ASSIGNMENT: Starting at the line containing "大會結束後，會員們先後前往雅" and ending at the line containing "Nelle immagini seguenti", transcribe the listing below exactly. Keep both end lines, skip the pictures, and copy nothing else.

EXTRACTED MATERIAL:
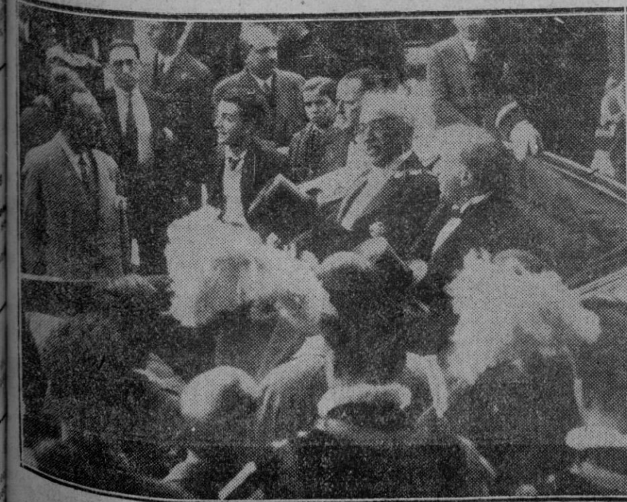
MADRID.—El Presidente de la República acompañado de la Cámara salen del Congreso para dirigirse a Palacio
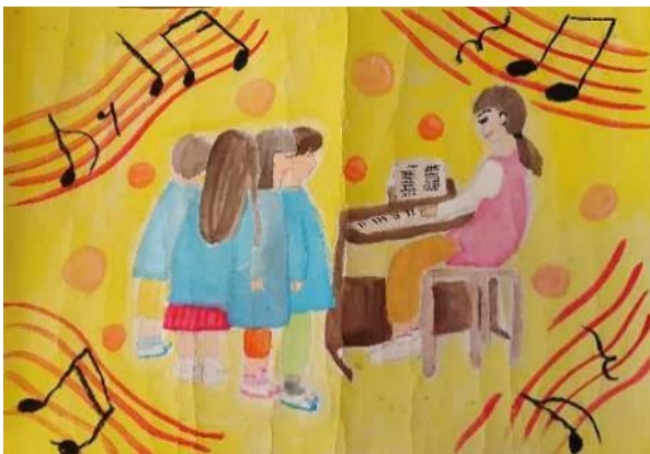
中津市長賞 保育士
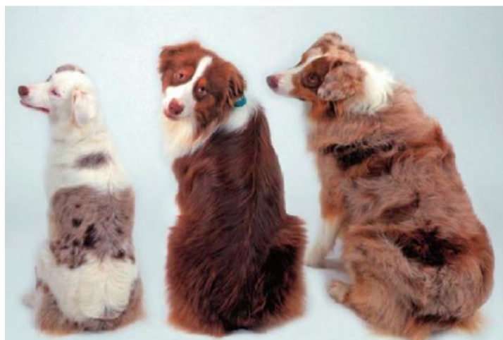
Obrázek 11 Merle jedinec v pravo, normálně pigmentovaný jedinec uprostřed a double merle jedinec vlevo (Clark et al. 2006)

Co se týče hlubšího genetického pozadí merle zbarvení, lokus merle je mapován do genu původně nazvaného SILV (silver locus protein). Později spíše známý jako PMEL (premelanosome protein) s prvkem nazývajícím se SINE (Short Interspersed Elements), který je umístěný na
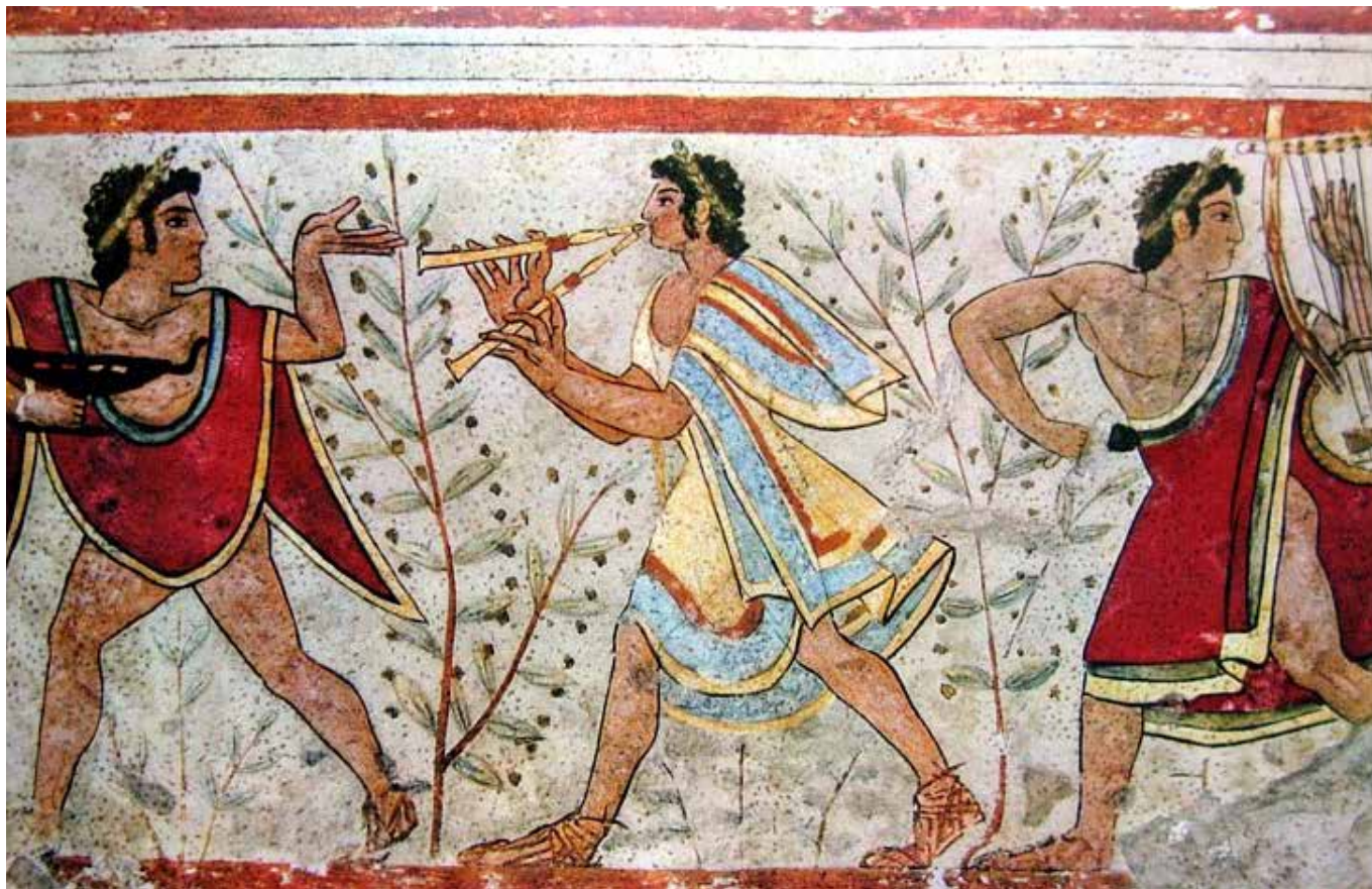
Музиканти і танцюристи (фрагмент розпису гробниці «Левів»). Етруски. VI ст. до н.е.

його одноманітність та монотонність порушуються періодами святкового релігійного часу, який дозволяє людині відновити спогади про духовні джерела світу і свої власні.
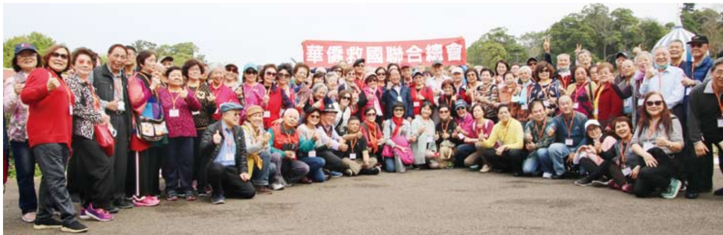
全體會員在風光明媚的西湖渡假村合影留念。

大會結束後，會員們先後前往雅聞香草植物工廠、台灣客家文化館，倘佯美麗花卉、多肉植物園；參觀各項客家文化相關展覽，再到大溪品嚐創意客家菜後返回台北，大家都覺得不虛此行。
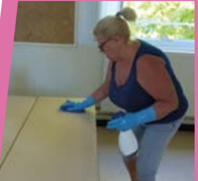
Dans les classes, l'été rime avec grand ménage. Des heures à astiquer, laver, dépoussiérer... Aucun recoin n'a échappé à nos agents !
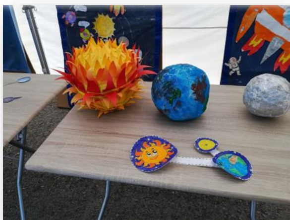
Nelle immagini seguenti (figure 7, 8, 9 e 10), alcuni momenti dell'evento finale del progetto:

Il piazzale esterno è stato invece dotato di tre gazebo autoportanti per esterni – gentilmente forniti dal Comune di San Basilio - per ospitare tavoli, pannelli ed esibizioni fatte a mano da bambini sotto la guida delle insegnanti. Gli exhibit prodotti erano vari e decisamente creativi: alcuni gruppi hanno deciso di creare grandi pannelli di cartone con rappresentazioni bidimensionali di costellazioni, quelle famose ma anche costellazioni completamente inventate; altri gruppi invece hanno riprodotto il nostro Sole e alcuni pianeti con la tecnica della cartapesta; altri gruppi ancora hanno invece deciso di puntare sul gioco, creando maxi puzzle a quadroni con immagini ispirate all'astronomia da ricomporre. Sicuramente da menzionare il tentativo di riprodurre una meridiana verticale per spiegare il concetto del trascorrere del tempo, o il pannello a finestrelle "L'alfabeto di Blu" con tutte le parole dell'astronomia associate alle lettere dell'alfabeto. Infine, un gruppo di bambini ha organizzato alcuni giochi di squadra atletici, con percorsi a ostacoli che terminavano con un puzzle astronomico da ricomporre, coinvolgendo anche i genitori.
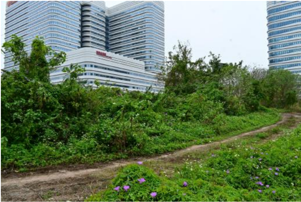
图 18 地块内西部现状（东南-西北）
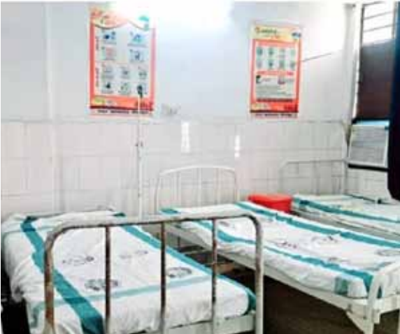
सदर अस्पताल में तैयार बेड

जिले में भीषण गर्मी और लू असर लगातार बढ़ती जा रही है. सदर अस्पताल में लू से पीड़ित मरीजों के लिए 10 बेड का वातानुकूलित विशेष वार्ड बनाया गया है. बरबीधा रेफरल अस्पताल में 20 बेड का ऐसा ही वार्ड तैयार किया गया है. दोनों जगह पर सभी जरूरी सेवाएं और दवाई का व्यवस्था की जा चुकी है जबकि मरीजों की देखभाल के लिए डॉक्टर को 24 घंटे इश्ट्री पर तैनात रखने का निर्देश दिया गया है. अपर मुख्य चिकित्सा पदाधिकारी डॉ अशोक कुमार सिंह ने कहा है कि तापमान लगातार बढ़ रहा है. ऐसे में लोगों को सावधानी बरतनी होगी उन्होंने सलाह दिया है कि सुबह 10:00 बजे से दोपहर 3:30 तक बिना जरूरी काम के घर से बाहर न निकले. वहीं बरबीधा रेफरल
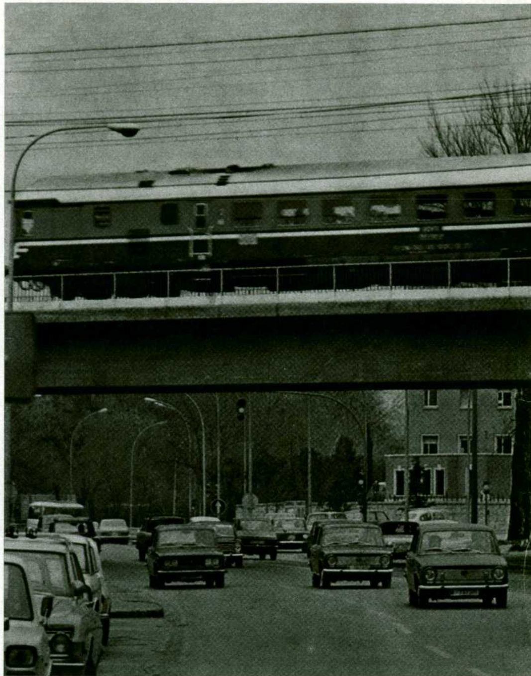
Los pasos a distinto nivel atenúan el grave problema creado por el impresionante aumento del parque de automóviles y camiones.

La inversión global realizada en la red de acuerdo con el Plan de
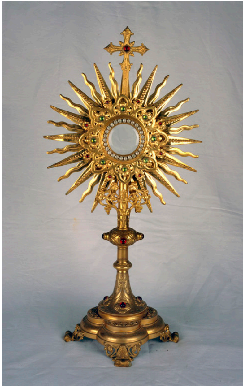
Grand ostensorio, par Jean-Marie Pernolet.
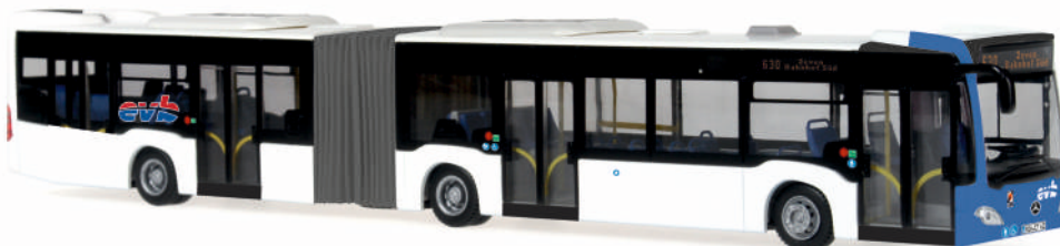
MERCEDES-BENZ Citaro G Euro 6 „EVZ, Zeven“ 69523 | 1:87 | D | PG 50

SOLVED EXERCISE:
大會結束後，會員們先後前往雅聞香草植物工廠、台灣客家文化館，倘佯美麗花卉、多肉植物園；參觀各項客家文化相關展覽，再到大溪品嚐創意客家菜後返回台北，大家都覺得不虛此行。
Dans les classes, l'été rime avec grand ménage. Des heures à astiquer, laver, dépoussiérer... Aucun recoin n'a échappé à nos agents !
Nelle immagini seguenti (figure 7, 8, 9 e 10), alcuni momenti dell'evento finale del progetto:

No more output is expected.